I do not have access to an actual Apple II computer. Instead, I used the AppleWin emulator in Apple ][ 48K mode which emulates the original Apple II from 1977 with 48 KB RAM and with Integer BASIC, Machine Language Monitor and Mini Assembler in ROM. I used APPLE II USER’S GUIDE by Lon Poole and Steven Cook to learn how to use the Monitor and Mini-Assembler; there was no need for BASIC.

To read this article, you don’t need any of that. What is needed is some basic understanding of computer architecture and assembly programming (with any instruction set). If you were never exposed to these topics but still have some programming experience, just spend half an hour playing with Easy 6502 web page, and you will be ready to follow the rest of this post.

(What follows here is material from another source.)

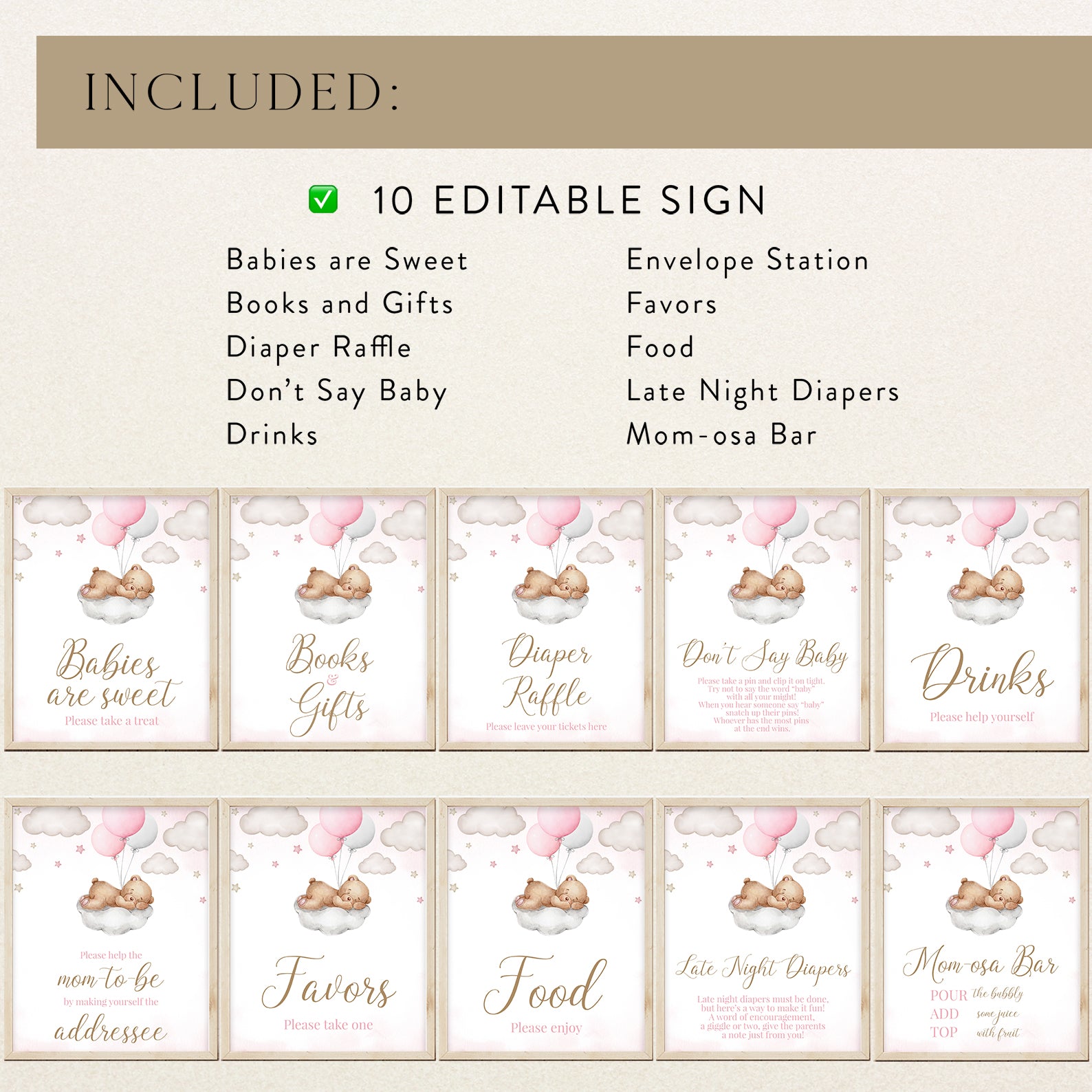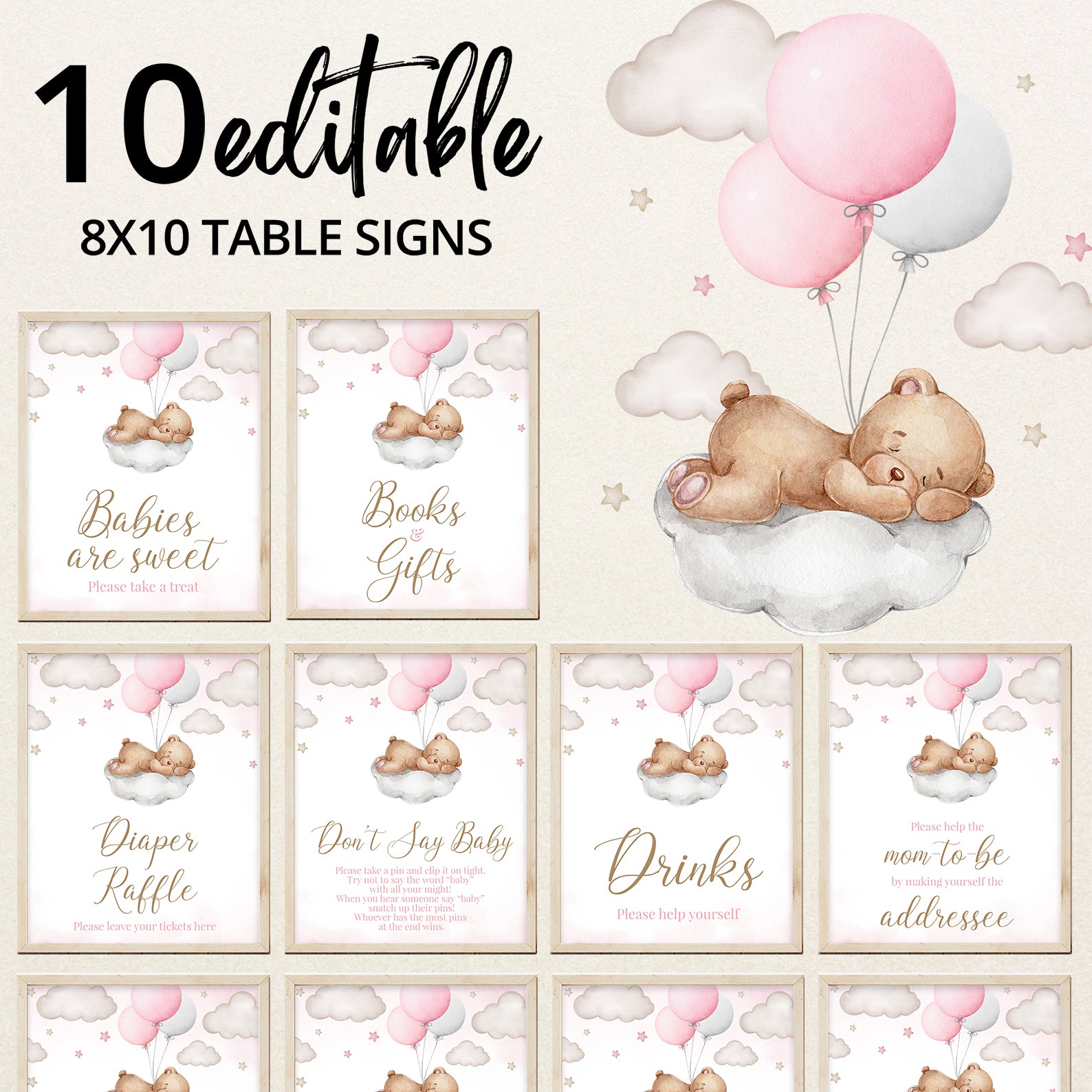 Create a coordinated and fun baby shower with our "We Can Bearly Wait" Table Sign Bundle! Includes ten editable signs: Babies Are Sweet, Books and Gifts, Diaper Raffle Sign, Don’t Say Baby, Drinks Sign, Envelope Station, Favors, Food Sign, Late Night Diapers, and Mom-osa Bar. Featuring a pink teddy bear theme with clouds and stars, these signs are perfect for guiding guests and adding charm to your celebration. Fully editable and easy to print!

Let’s start with a minimal program that is position independent. It will first clear the screen and then print letter ‘A’ in the upper left corner.

I used the Mini-Assembler to enter the code. The listing is here:

*300L                                   
                                        
0300-   20 58 FC    JSR   $FC58
0303-   A9 C1       LDA   #$C1 
0305-   8D 00 04    STA   $0400
0308-   60          RTS        
...
  • The JSR instruction at address 0300 calls the monitor routine at $FC58 (HOME) to clear the screen. The entry point of the routine is fixed, so it works regardless of where our program itself is loaded.

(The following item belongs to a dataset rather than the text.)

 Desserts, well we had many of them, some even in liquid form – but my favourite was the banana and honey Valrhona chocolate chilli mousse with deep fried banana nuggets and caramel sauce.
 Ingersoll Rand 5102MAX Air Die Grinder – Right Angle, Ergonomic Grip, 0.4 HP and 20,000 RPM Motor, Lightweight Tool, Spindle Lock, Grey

  • LDA loads the accumulator with $C1, which is normal (i.e. not inverse or flashing) code for letter ‘A’ in Apple II character set. It is calculated as the ASCII code for the symbol ($41) + $80.

  • STA stores the accumulator value (currently $C1) to memory location $400, the beginning of the text screen buffer. Again, this address is absolute and does not depend on our program’s position in memory.

  • RTS returns to the caller - in our case the Apple Monitor.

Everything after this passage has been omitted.